Someone I respect a great deal once told me he wouldn't be surprised if someday I leave the Reform movement for Orthodoxy. I don't think so; my beliefs (i.e. the dox part) align more with Reform, even though my practice does not. I'm used to being one of the most observant Reform Jews I know, and I'm used to working around some of the hurdles that come with that. (Why no, even though it's great that all the local Reform congregations got together for a joint festival service, no I'm not going ten miles to Monroeville for it, sorry.)

But every time something like the to'evah (abomination -- and yes, I understand the strength of that word) of this past Friday's service happens, a tiny little voice speaks up in the back of my mind saying "you know, this could be a lot easier on you...". It's frustrating.

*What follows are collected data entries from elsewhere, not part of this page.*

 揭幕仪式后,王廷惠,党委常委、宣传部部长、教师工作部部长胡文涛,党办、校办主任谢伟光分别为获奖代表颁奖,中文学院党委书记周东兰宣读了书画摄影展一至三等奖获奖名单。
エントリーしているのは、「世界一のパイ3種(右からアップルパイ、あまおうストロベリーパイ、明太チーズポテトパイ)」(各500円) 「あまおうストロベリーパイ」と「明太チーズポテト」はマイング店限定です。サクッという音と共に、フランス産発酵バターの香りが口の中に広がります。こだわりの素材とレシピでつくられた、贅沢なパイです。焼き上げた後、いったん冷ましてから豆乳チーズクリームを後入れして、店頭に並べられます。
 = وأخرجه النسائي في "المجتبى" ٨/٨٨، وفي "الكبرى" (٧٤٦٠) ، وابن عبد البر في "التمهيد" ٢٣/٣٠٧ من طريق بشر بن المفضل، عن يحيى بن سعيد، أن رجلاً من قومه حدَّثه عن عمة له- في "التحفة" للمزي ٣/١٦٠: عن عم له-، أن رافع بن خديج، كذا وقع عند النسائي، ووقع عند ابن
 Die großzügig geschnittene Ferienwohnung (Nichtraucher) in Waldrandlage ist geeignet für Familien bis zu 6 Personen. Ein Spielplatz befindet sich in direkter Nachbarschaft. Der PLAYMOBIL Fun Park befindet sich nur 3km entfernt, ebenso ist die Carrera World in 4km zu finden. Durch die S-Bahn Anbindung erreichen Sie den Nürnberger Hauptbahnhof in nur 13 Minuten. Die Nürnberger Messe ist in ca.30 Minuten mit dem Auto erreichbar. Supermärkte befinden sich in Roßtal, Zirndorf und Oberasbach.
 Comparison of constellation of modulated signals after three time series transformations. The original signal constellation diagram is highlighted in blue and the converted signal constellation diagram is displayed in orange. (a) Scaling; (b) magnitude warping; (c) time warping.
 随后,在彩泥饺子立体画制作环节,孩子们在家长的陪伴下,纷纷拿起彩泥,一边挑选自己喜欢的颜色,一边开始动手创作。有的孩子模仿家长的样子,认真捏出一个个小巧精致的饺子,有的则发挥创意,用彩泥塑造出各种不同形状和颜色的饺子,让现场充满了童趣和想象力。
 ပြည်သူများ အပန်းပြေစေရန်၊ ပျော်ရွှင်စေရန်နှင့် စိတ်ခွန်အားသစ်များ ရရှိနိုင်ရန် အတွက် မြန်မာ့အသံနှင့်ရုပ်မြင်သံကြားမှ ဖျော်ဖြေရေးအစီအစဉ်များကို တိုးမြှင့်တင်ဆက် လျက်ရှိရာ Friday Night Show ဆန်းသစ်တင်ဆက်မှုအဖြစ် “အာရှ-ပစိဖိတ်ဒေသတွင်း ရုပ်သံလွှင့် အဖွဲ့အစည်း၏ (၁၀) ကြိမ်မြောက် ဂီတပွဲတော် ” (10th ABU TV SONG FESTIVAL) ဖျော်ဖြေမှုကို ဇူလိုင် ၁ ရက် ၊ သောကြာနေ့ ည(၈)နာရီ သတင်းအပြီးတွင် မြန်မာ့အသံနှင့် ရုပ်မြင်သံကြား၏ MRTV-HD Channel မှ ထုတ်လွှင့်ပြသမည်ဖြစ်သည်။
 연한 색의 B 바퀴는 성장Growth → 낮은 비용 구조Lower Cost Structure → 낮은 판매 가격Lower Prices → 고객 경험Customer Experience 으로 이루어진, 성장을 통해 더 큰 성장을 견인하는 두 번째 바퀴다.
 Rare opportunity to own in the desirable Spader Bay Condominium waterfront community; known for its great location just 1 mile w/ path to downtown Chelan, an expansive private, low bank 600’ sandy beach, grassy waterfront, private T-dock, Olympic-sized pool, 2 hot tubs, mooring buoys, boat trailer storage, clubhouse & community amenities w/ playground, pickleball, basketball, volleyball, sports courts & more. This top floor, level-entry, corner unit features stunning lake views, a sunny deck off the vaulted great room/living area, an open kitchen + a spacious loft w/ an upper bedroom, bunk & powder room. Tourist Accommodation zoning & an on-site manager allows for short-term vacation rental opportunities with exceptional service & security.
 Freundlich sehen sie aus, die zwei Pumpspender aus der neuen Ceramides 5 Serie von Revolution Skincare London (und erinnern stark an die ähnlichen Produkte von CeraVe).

If it weren't for the excellent relationships I've formed in my congregation, including both of our rabbis, I sometimes wonder...

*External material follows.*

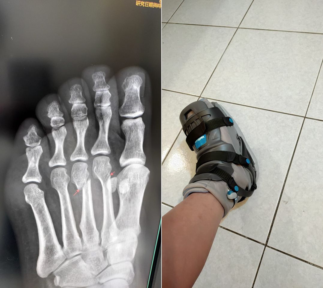 原PO隨後伸出穿戴輔助護具的左腳,並解釋自己是因踩空摔斷左腳掌第三根蹠骨,只能暫時用後腳跟走路,才會看起來走路搖搖晃晃。不料警方見狀後竟問,「啊你怎麼開車?腳受傷怎麼開?」讓她聽了愣住幾秒,思考「開車用左腳嗎?」隨後才回神並回「我用右腳開啊!」對此,警察在臨走前還不忘比個讚,並叮嚀她自己小心。
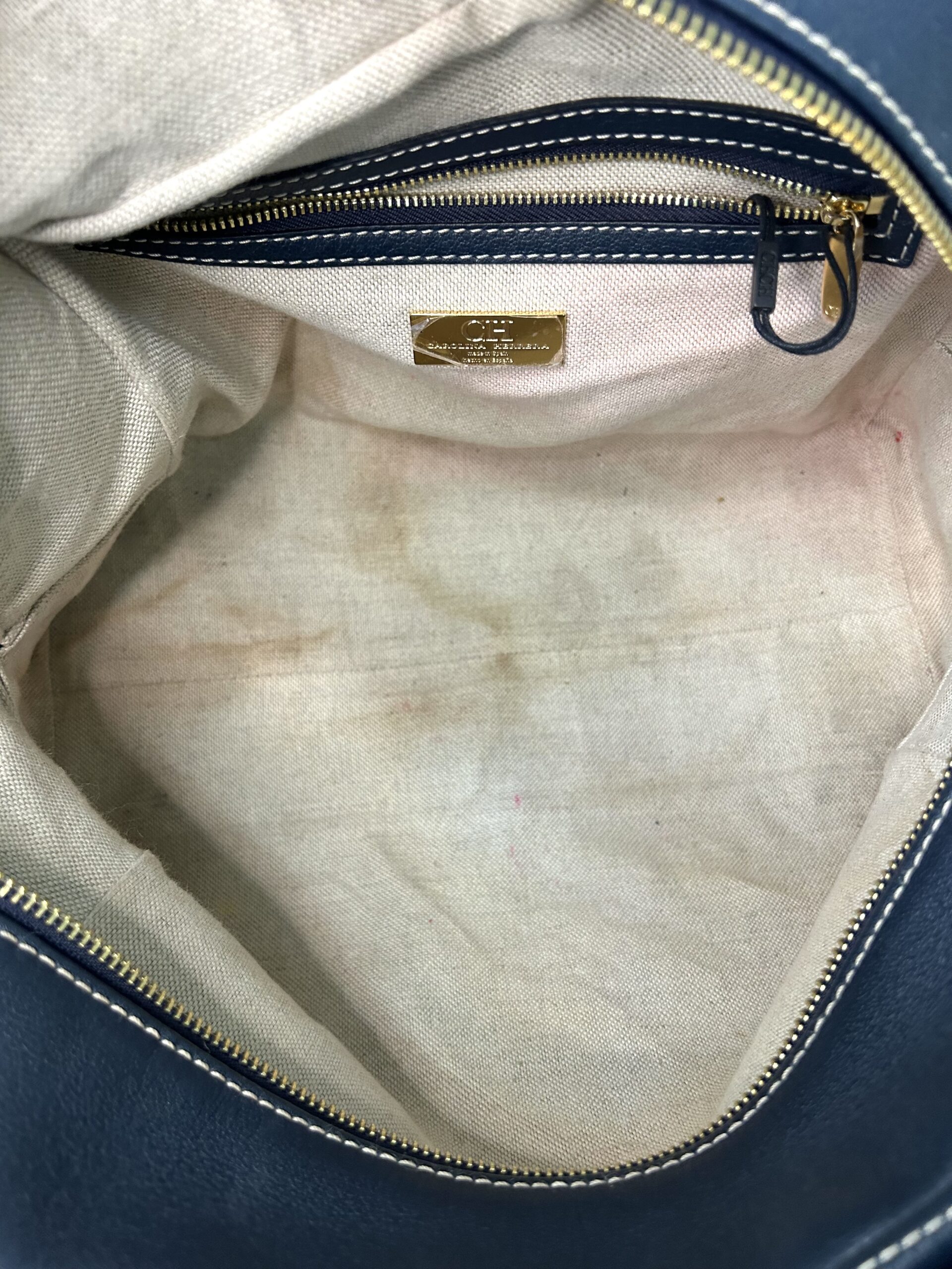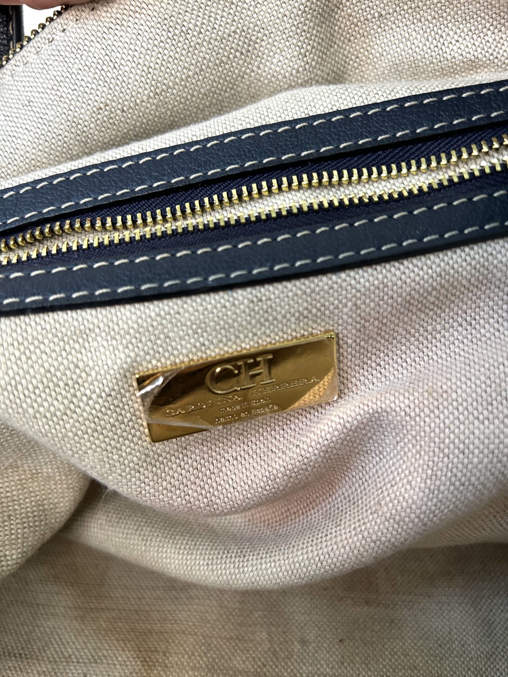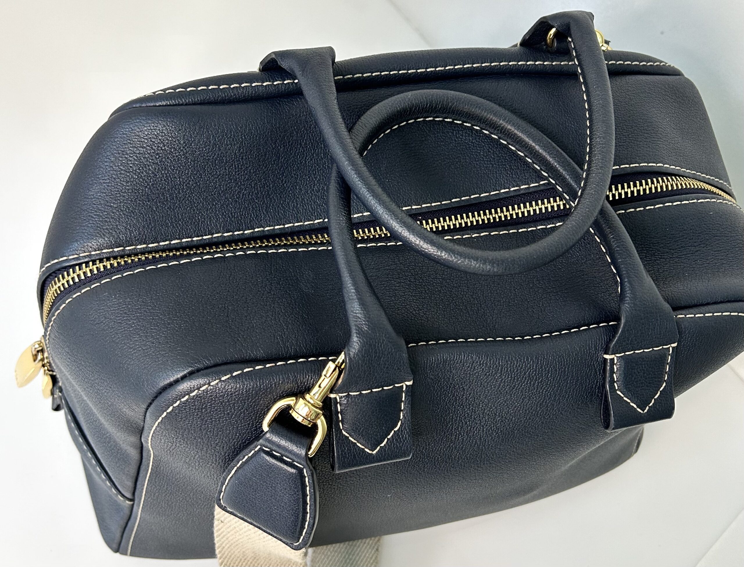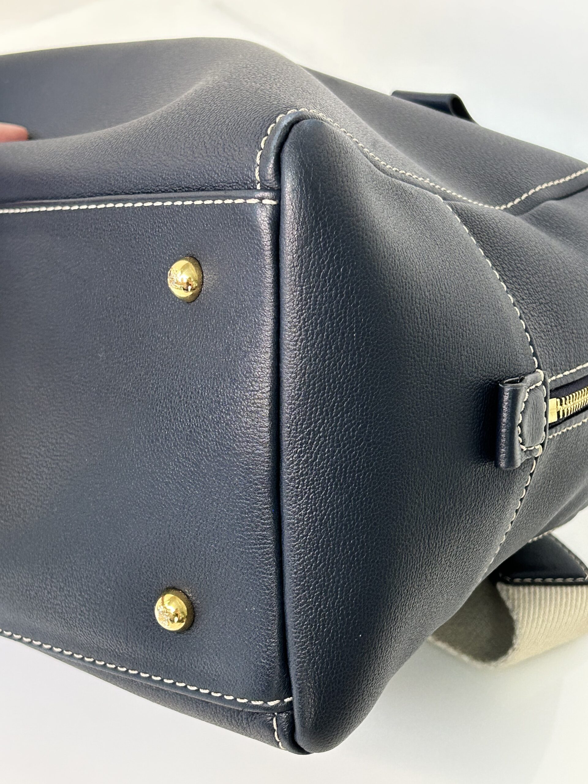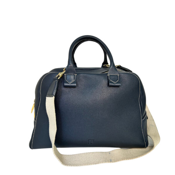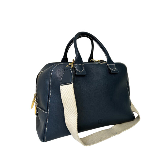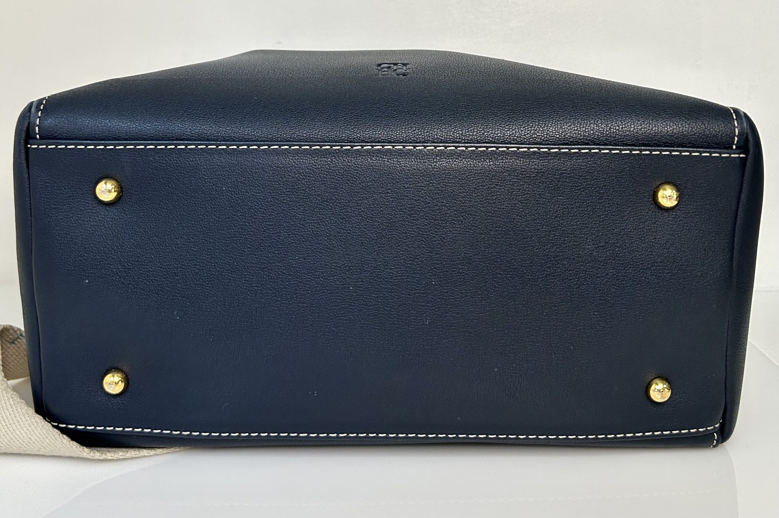 Bolso molde satchel en cuero liso color azul marino con manija corta de mano y strap removible de tejido beige. Con cierre. Se puede usarla al hombro o de mano. Logo frontal grabado.

So, this Shabbat the Reform movement celebrated its sisterhood's 100th anniversary (movement-wide, not just us). Cool -- sisterhood has never, ever spoken to me (and in fact I believe its existence violates a core principle of Reform theology, but that's a different post), but I can understand the desire to celebrate that milestone and all their accomplishments, honor their leaders, and so on. The international president of the sisterhood umbrella organization happens to be a member of my congregation, so clearly we were going to do something. So Friday's service was led by sisterhood leaders from a siddur produced by a committee of that umbrella organization.

They wrote a "creative" service. Cue ominous music here.

So what we got was an evening service that ran almost two hours (!) and still managed to omit half the amidah and all the brachot around the sh'ma except one (there was a song for hashkiveinu). Also all of kabbalat shabbat except L'cha Dodi, but we never get a complete kabbalat shabbat unless I'm running it, so that's noteworthy in degree but not in type (we usually do more than this, though not all). Are they kidding me? Who thought this was ok? Rabbis and cantors on the committee, apparently, so part of me is glad I don't know their identities as my opinion of them has just gone way down. (My rabbi tried to salvage some of the omissions during the service; I don't know if he had had a chance to vet this service beforehand or if he had trusted his colleagues.)

What did they fill all that time with? Lots of poetry, lots of "women are great" readings, lots of sisterhood self-congratulations, half a dozen "how sisterhood changed my life" testimonials incorrectly labeled as a d'var torah in the program... all sorts of stuff that would be more appropriate at a celebratory dinner than at a Shabbat service. Shabbat, and God, got short shrift -- at a Shabbat service.

(There was also a short torah service (we do that on Friday nights about half the time), with group aliyot. The last one of the three was for anyone who belongs to sisterhood; I didn't go up because they said "belongs", not "pays dues to"; I've never felt I belonged but as a board member I'm required to be a member on paper.)

When I got there and saw the service booklet I considered turning around and leaving. In retrospect I should have, perhaps visibly. Instead I ignored their service at times and picked up our regular siddur instead so I could have a valid Shabbat service. (My rabbi noticed.) But after the mourner's kaddish I saw that there were still a couple more pages of readings and stuff, plus they were going to teach a new closing song, and at that point I just said dayeinu and left. Ugh.

If they had wanted to have a special additional service that would be one thing. But this displaced the regular community service. In that regard it was even worse than a typical Reform bar mitzvah, and I hadn't realized that was possible. It is possible to honor people while preserving community norms, but that isn't a strong-enough guiding principle in the Reform movement. I alternate between being sad and saying "how dare they?".

When I got home I set aside what I had been planning to talk about in Saturday morning's d'var torah (it was my turn) and mentally assembled something else instead. That'll be forthcoming, but in case you wonder when you see it, yes there's a connection.